TypedMemberDTO can contain a typed List

The Member.getDetails returns an Object type, which I know will only be one of 2 types at runtime. These types have nothing in common apart from extending Object.

What I want to do is create a build method that uses generics to set the details in the TypedMemberDTO.

The code compiles fine, and runs fine, although I'm a bit confused as to what the <U> typing actually provides me.

In reality, if I used raw types here instead of <U>, would I have achieved the same compile time benefits?

Is there a better way to write the build method?

public class TypedMemberDTO<T> extends MemberDTO {
    private List<T> details;

    public List<T> getDetails() {
        return details;
    }

    public void setDetails(List<T> details) {
        this.details = details;
    }
}


public <U> TypedMemberDTO<?> build(Member member, String attributeName) {
    TypedMemberDTO<U> typedMemberDTO = new TypedMemberDTO<U>();
    List<U> dtos = (List<U>) member.getDetails(attributeName);
    typedMemberDTO.setDetails(dtos);
    return typedMemberDTO;
}

Answer 1

Generics don't exist at runtime.
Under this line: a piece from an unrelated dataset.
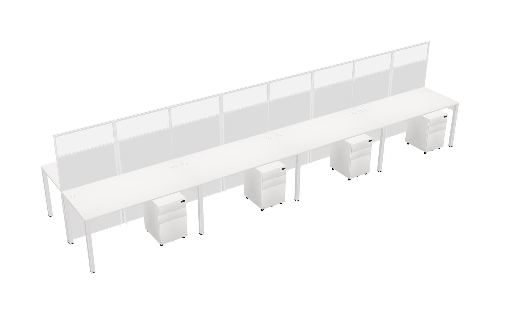 White Shared Rectangular Office Cubicle Panel System With Mobile Drawers For 8 Persons

They are only used at compile time to allow your code to avoid as many ClassCastExceptions at runtime as possible by avoiding coerced casts. But at runtime, the type of objects belonging to generic classes is simply the raw type.

This means that if your Member class is not generic, as the compiler cannot tell what kind of List it has returned, there is no difference between using this and using raw types.

Generic methods are there to impose particular constraints on the relationship between parameter types and return type or between the type of one parameter and another. In this case, you do not have any mention of the generic type U in the parameter list. So in essence, it checks nothing.